In fact, our consistency across programmes led Moorside’s entire trust to switch to the national institute for ECT provision.

How the PGTA apprenticeship transformed internal recruitment

Sarah feels that the PGTA is a standout for Moorside and has been her highlight of working with the national institute.

Moorside has been able to use the programme to strategically fill hard-to-recruit subjects, particularly maths and science. Sarah explained: ‘We’ve been able to take two of our current members of staff who were in non-teaching roles and put them in teaching roles in subjects where recruitment is difficult.’

The apprenticeship’s structure makes it particularly powerful: ‘When you start your apprenticeship, you start on day one teaching, so if you already know your school and the systems and the students, it just makes everything a lot easier.’

Perhaps most importantly, the PGTA route has strengthened Moorside’s succession planning: ‘Word of mouth spreads, and I get people coming asking me all the time: what is the potential for moving from the role I do into teaching?’.

This has allowed the school to develop teachers internally, reducing the need for national recruitment, and create a sustainable pipeline of future staff.

How the ECT programme aligns with school priorities

One of the strongest features Sarah highlighted was how well our ECT curriculum aligns with Moorside’s own systems, coaching model, and Continuing Professional Development (CPD) priorities. She emphasised the importance of coherence between what trainees learn and what they experience in school: ‘The coaching model we are adopting at school is the same as the coaching model that the national institute have.’

This alignment helps handle sector-wide challenges around behaviour, attendance, and social media. Sarah explained: ‘Those are the challenges that we face…trying to help our trainee teachers navigate those things and giving them the tools and strategies needed to deal with them.’

Modules such as behaviour and inclusion directly complement live priorities at Moorside. For example, she noted: ‘The ECT’s last module of the year is on inclusion and provision, so it marries with what is going on in school.’ This joined-up approach ensures trainees benefit from both strong external training and consistent reinforcement within the school.

The wider impact on whole-school capacity

A key insight from Sarah is how the partnership uplifts the whole school, not just those on training routes. Because mentors receive high-quality training grounded in coaching and research, those skills spread across the staff body.

She gave the example of a new head of history:
‘He’s mentoring an ECT in his own department now he’s had the mentoring training’

Reducing workload through a streamlined provider

Contrary to common fears about switching providers, Moorside found that consolidating with the national institute reduced workload across the team.

Sarah shared that our communication and responsiveness have been consistently strong:
‘Whenever we’ve needed any support, the communication is really good.
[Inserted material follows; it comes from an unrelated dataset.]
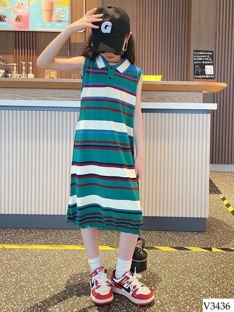 🌈 Váy suông kẻ sát nách cổ polo cho bé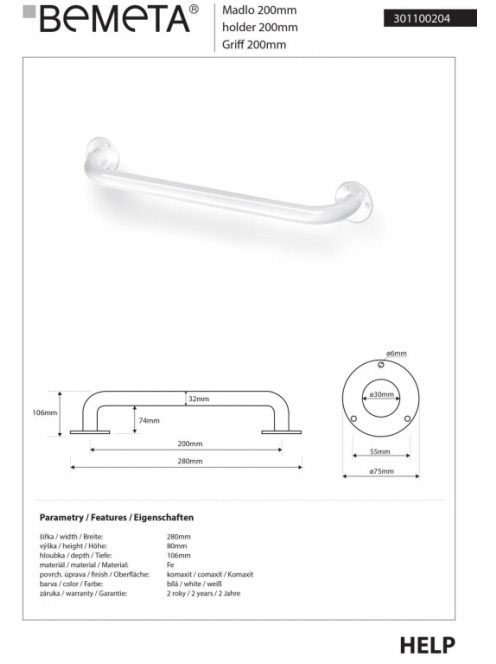 Bemeta Help Kapaszkodó 200 mm, fehér (301100204) XH505W

If I’m not available, we get a message saying, “leave me a message and I’ll get back to you today”, and people get back to us straight away.’

Similarly, our standards and visiting tutors remove pressure from schools:
‘If there’s ever an issue or concern, the national institute will be very clear on what their expectations are.’ This clarity and partnership, rather than flexibility without structure, has given Moorside confidence in the quality of its training pipeline.

Why more schools are choosing the national institute

Moorside High School’s experience demonstrates the tangible benefits of switching to our ECT programme and investing in the PGTA apprenticeship:

  • Clear, consistent standards
  • Exceptionally strong communication and responsiveness
  • Alignment with school systems and coaching approaches
  • A sustainable internal recruitment pipeline
  • Stronger capacity across departments
  • Reduced workload through coherent provision

As Sarah summarised, ‘It just works really well - it’s a positive relationship that works both ways.’